The change, unremarked by the press, comes within an overhaul of the law on the reporting of family courts that has otherwise been widely welcomed by the media. Currently there is a blanket ban on journalists entering family courts, but in December Straw announced a change to the law that will allow journalists to attend family court hearings. “A really important veil is being lifted on what happens in these courts” he said. The change was greeted warmly, particularly by The Times, whose columnist Camilla Cavendish had led the campaign to open up the family courts, for which she won the Paul Foot Award. But what The Times omitted to mention was a line, slipped in at the end of Straw’s statement, stating his intention to reverse the decision in a case known as Clayton v Clayton.

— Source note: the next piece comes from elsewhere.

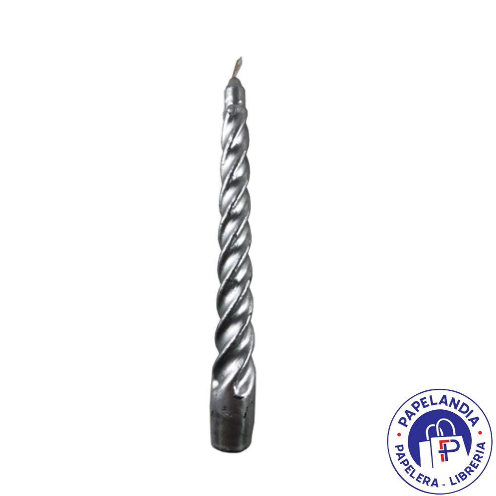 VELA ILUMINARTE TORNEADA PLATA 20CM X UNID

Simon Clayton is an intense 47-year-old book-seller from Hay-on-Wye. In 2003, he astonished locals in the Welsh border town by abducting his seven-year-old daughter, days ahead of a divorce hearing, fearing he would lose custody to his wife. He was tracked down to Portugal and brought home under arrest, after which he fought a lengthy custody battle.
When his case was concluded, Clayton found he was legally barred from offering a public explanation for what he had done. He fought the existing legislation, and in 2006 the Court of Appeal reached a landmark ruling that a parent should be allowed to identify himself and his child and tell his story. It was decided that a parent’s right to freedom of expression was greater than a child’s right to privacy.
It is because of that Clayton v Clayton ruling that the Websters were able to speak of their distress on Thursday. “Reversing it will mean that any child or adult who has been in a family court case cannot identify themselves in public,” says Clayton. “The implication of this for papers is bad – editors are only interested in a story if it has a human dimension, if you can see the people or read about them by name.”
Liberal Democrat MP John Hemming agrees: “There are two issues here. One is that the press will be prevented from reporting cases like the Websters with their names and faces. The other is that, at the moment, children who are in care are entitled to speak out if they are unhappy, although it doesn’t happen very often because nobody knows how to do it. The effect of this change will be to gag them.”
Since Clayton v Clayton there have been no complaints of invasion of privacy. “Fran Lyon, Angela Canning, Bob Geldof, Jack Frost – there are more than a dozen people who have benefited from being able to go public with their stories,” says Clayton. “There are thousands of people like the Websters out there who, once their cases are over, will want to log on to a forum and discuss what happened to them and get support. As of April, it will be illegal to identify yourself in any way that could lead to the identification of the child.” Similarly, there are occasions when the children may wish to make a public statement.
Clayton is incensed that Straw is claiming to be opening up the family courts while reversing the Court of Appeal’s ruling, and says he has yet to receive an explanation, or any reply, from Straw’s office. A Ministry of Justice spokesman said: “The Secretary of State has made it clear that any move towards openness in the family courts must be balanced with the welfare, privacy and well-being of children.” She added that the decision to reverse Clayton had been made following a consultation with a variety of bodies. For better or worse, the balance has been tipped against openness.
Some say the child must come first, end of discussion. Others see a sinister attempt to gag those who say the system doesn’t work. Cavendish takes a less conspiratorial view, but is nonetheless perplexed about the reversal of Clayton. “It won’t cancel out the new legislation but it will make it increasingly difficult to report these cases,” she said. “I’m afraid I don’t know why it is happening.”